EXTRACTED RECORDS ▸
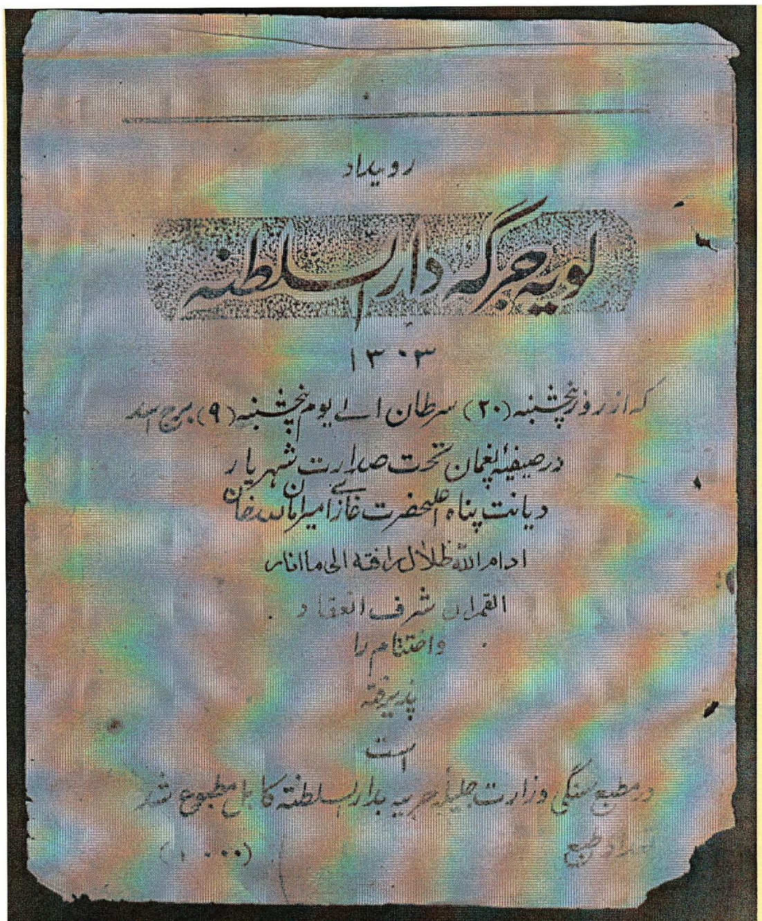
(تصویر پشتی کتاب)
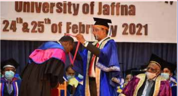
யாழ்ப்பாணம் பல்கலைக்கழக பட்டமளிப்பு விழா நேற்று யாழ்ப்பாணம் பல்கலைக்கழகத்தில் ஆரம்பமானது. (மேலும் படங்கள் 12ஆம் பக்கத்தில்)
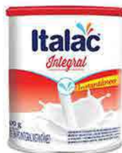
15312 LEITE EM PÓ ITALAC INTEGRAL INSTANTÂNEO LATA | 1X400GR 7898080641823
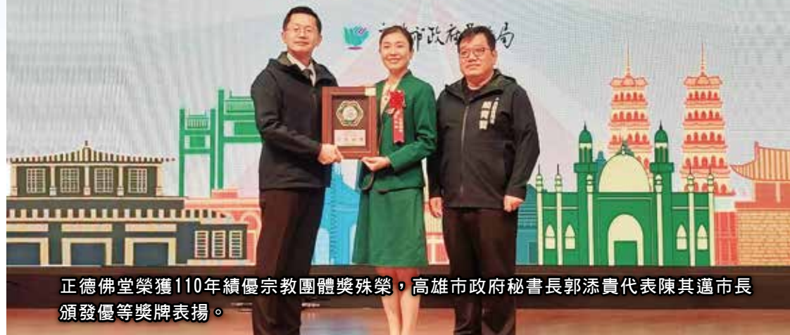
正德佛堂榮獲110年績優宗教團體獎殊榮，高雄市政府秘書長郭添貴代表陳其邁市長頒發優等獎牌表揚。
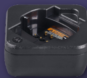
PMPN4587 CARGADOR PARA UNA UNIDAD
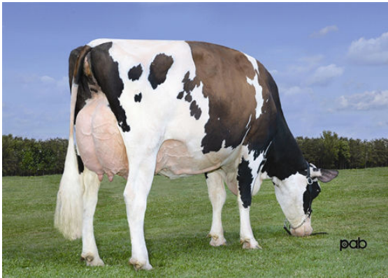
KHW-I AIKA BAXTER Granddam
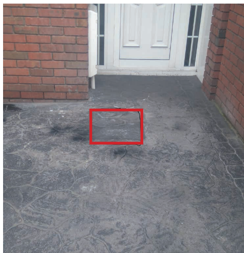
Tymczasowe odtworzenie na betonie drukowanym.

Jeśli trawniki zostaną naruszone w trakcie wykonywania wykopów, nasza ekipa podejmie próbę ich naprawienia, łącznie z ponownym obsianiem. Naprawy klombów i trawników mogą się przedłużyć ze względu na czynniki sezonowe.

* * *

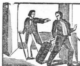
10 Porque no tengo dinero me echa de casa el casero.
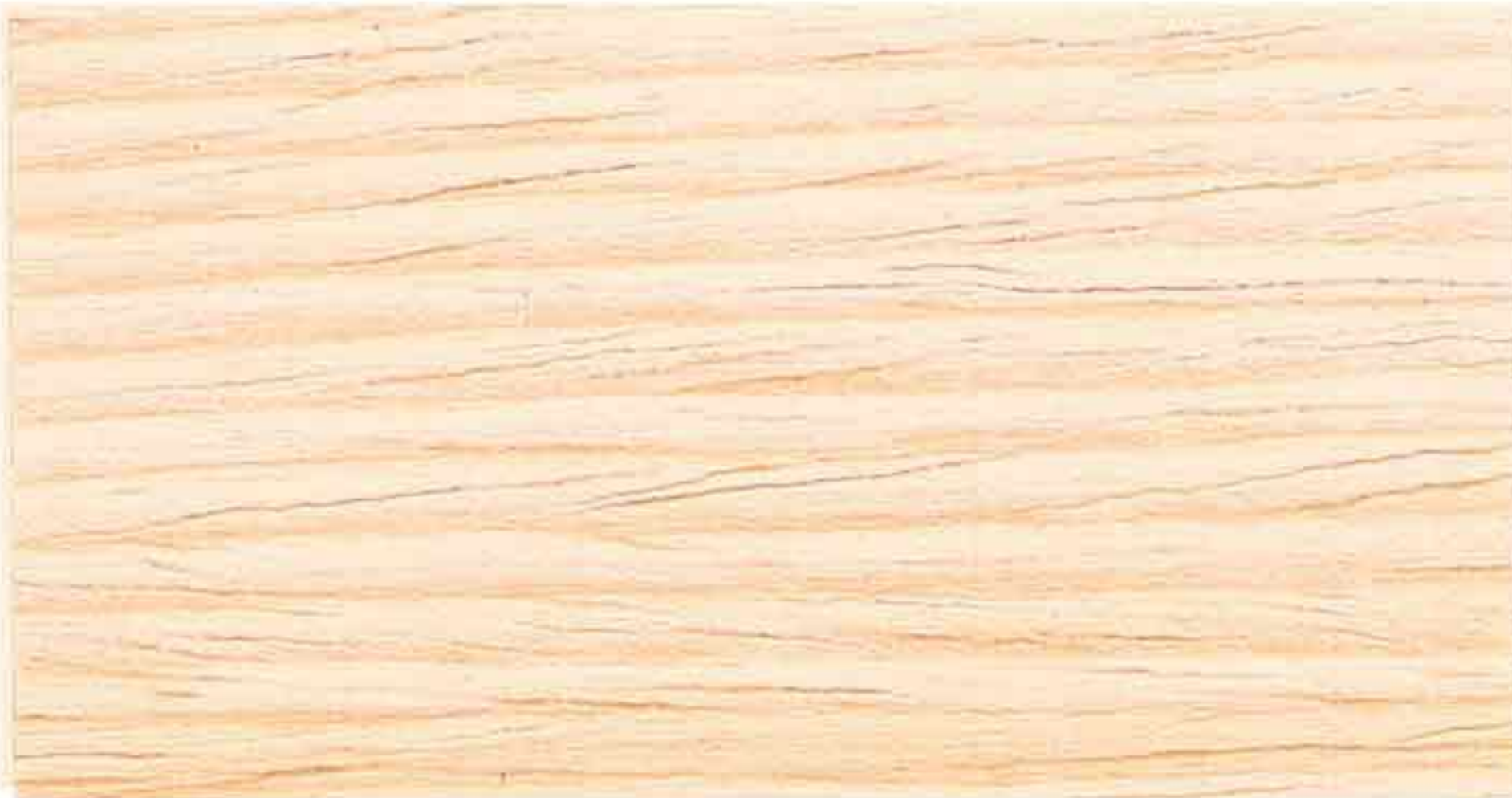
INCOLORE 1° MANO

YOUR ASSIGNMENT ▸ What is needed is an exact copy of the lines above, from the one containing "Tymczasowe odtworzenie na betonie drukowanym." through the one containing "Jeśli trawniki zostaną", with nothing added.

TASK RESULT ▸
Tymczasowe odtworzenie na betonie drukowanym.

Jeśli trawniki zostaną naruszone w trakcie wykonywania wykopów, nasza ekipa podejmie próbę ich naprawienia, łącznie z ponownym obsianiem. Naprawy klombów i trawników mogą się przedłużyć ze względu na czynniki sezonowe.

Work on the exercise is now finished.